### [Dataset section]

────────────────────

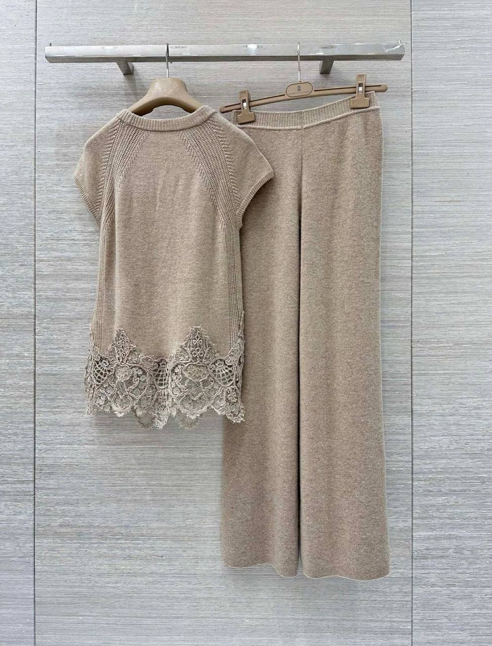 Элегантный женский костюм от Ermanno Scervino - это сочетание комфорта и изысканного стиля. Комплект состоит из топа с кружевной отделкой и брюк, выполненных в едином нежном оттенке. Отличный выбор для создания утонченного образа.
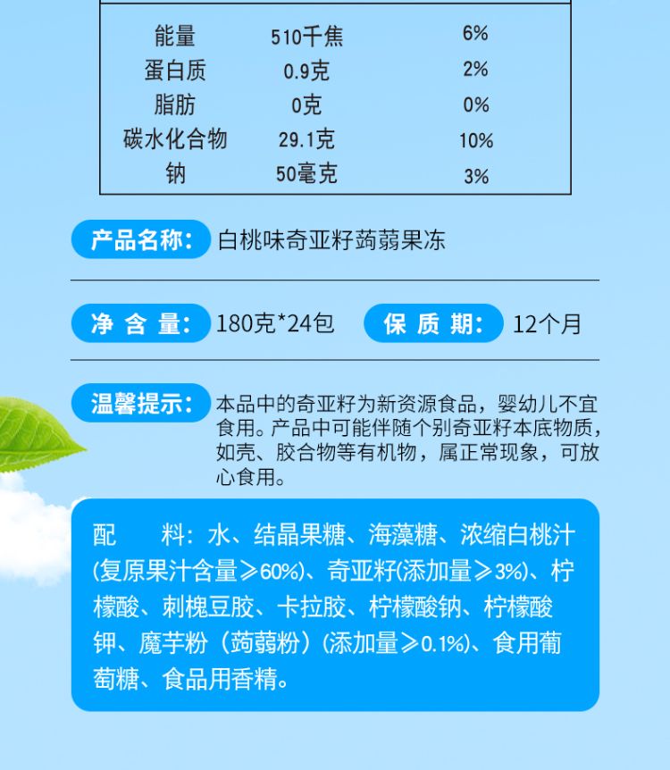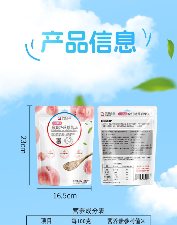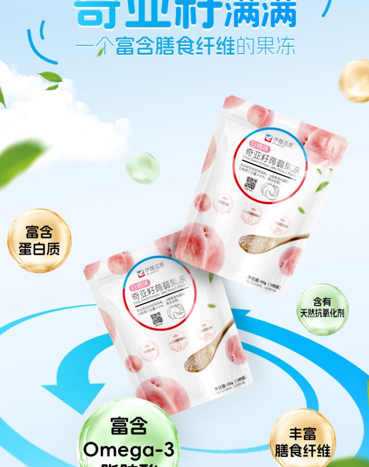 伊藤品质 白桃味奇亚籽蒟蒻果冻(10枚装)180g
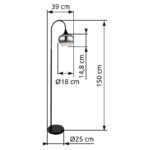 Ova moderna podna lampa inspiriše odličnim dizajnom. Iz okruglog postolja viri zakrivljena metalna šipka dužine 1,5 m, na kojoj se nalazi utičnica E27 sa staklenim sjenilom u obliku dima (Ø 18 cm). E27 utičnica vam omogućava da sami odredite boju i svjetlinu do maksimalne snage od 40 vati. Zbog dugovečnosti i uštede energije preporučujemo LED sijalice.

────────────────────

Go through the listing and restate each line word for word, leaving out the pictures.

### [Answer box]
 Элегантный женский костюм от Ermanno Scervino - это сочетание комфорта и изысканного стиля. Комплект состоит из топа с кружевной отделкой и брюк, выполненных в едином нежном оттенке. Отличный выбор для создания утонченного образа.
 伊藤品质 白桃味奇亚籽蒟蒻果冻(10枚装)180g
 Ova moderna podna lampa inspiriše odličnim dizajnom. Iz okruglog postolja viri zakrivljena metalna šipka dužine 1,5 m, na kojoj se nalazi utičnica E27 sa staklenim sjenilom u obliku dima (Ø 18 cm). E27 utičnica vam omogućava da sami odredite boju i svjetlinu do maksimalne snage od 40 vati. Zbog dugovečnosti i uštede energije preporučujemo LED sijalice.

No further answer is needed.